• _Dataset excerpt_

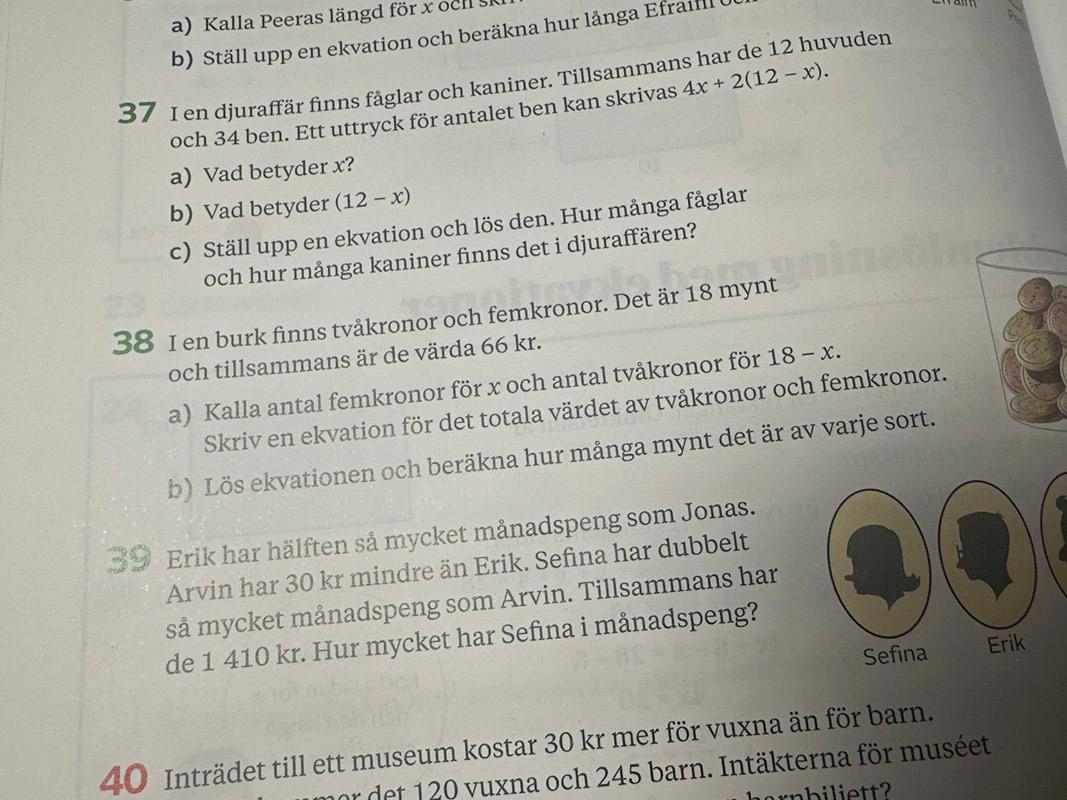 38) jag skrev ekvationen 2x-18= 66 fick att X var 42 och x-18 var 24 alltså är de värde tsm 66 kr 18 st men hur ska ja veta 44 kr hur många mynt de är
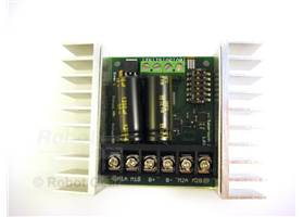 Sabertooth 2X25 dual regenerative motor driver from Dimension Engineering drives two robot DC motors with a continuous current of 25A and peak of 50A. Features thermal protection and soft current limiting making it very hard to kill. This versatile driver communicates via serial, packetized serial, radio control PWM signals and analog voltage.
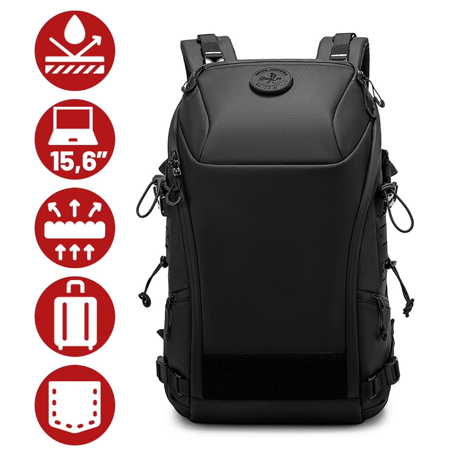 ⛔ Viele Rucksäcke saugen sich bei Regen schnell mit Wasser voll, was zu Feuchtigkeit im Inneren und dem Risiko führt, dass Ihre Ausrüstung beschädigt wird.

• _Exercise objective_
Leave out the pictures and repeat the remaining data exactly.

• _Problem solution_
 38) jag skrev ekvationen 2x-18= 66 fick att X var 42 och x-18 var 24 alltså är de värde tsm 66 kr 18 st men hur ska ja veta 44 kr hur många mynt de är
 Sabertooth 2X25 dual regenerative motor driver from Dimension Engineering drives two robot DC motors with a continuous current of 25A and peak of 50A. Features thermal protection and soft current limiting making it very hard to kill. This versatile driver communicates via serial, packetized serial, radio control PWM signals and analog voltage.
 ⛔ Viele Rucksäcke saugen sich bei Regen schnell mit Wasser voll, was zu Feuchtigkeit im Inneren und dem Risiko führt, dass Ihre Ausrüstung beschädigt wird.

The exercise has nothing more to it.